Source data -
<<<<
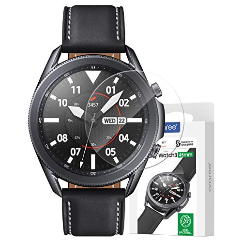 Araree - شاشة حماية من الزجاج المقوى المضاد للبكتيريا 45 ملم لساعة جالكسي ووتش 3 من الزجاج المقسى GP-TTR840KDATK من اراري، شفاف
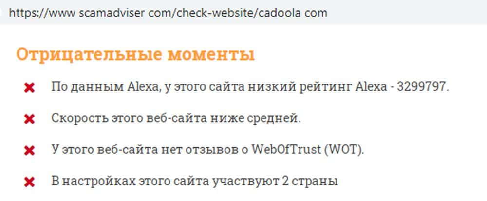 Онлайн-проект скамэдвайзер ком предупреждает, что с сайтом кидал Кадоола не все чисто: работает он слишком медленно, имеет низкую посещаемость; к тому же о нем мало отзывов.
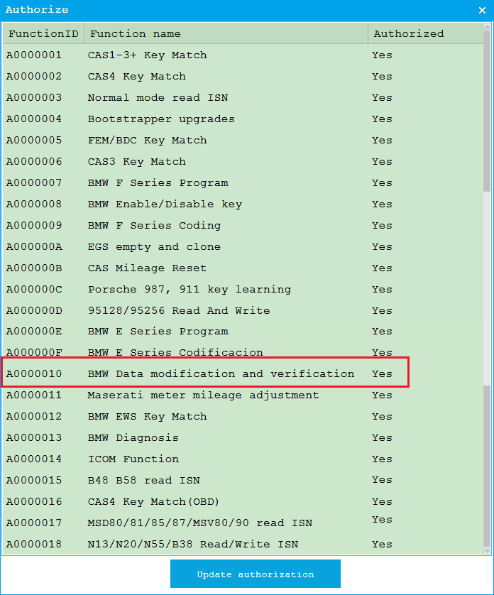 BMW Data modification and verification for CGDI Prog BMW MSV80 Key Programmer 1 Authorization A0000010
>>>>
<<<<
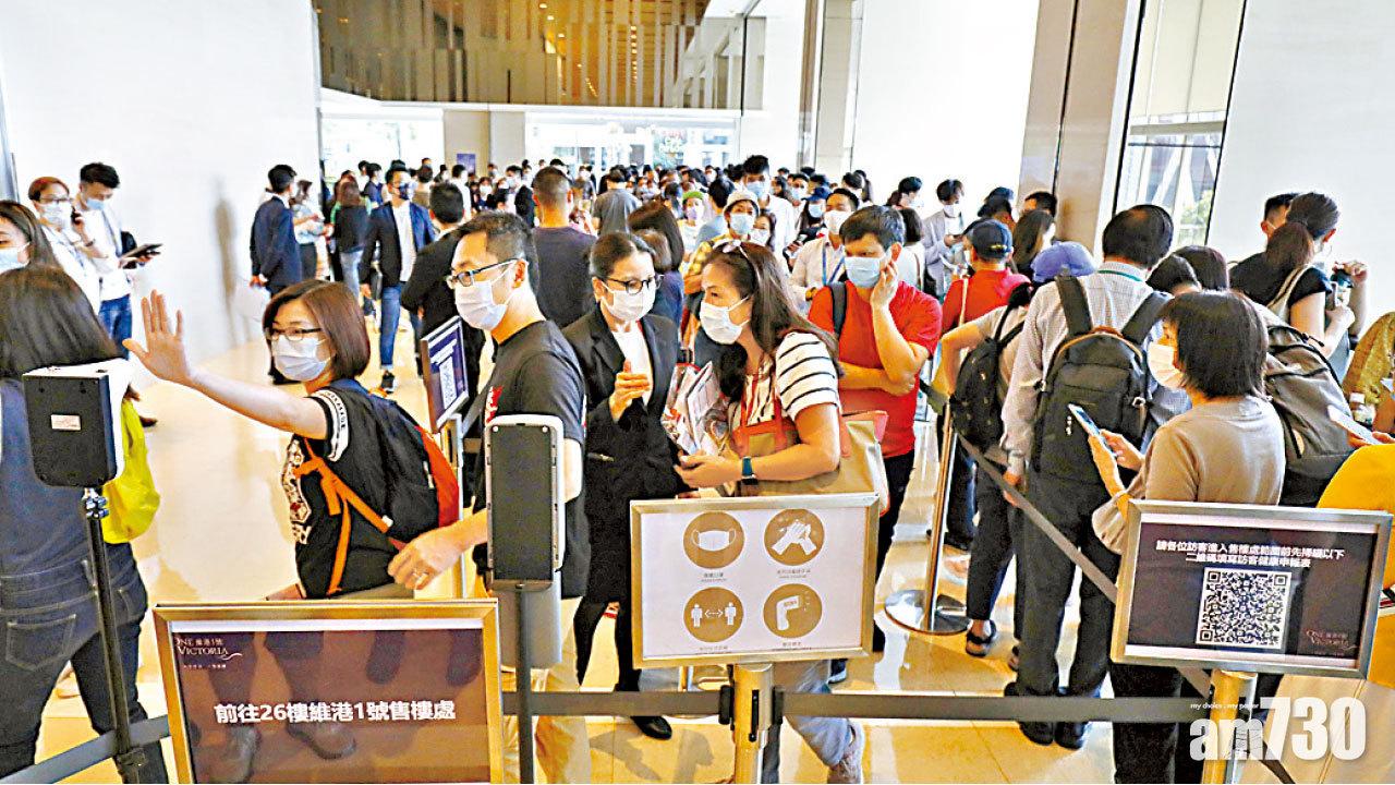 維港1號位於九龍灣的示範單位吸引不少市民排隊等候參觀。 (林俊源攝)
>>>>
<<<<
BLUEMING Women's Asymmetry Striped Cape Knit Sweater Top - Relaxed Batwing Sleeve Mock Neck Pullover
>>>>
Exercise - Return only the stretch above from the line containing "Онлайн-проект скамэдвайзер ком" through the line containing "BMW Data modification", word for word and without pictures.

Output of the exercise -
 Онлайн-проект скамэдвайзер ком предупреждает, что с сайтом кидал Кадоола не все чисто: работает он слишком медленно, имеет низкую посещаемость; к тому же о нем мало отзывов.
 BMW Data modification and verification for CGDI Prog BMW MSV80 Key Programmer 1 Authorization A0000010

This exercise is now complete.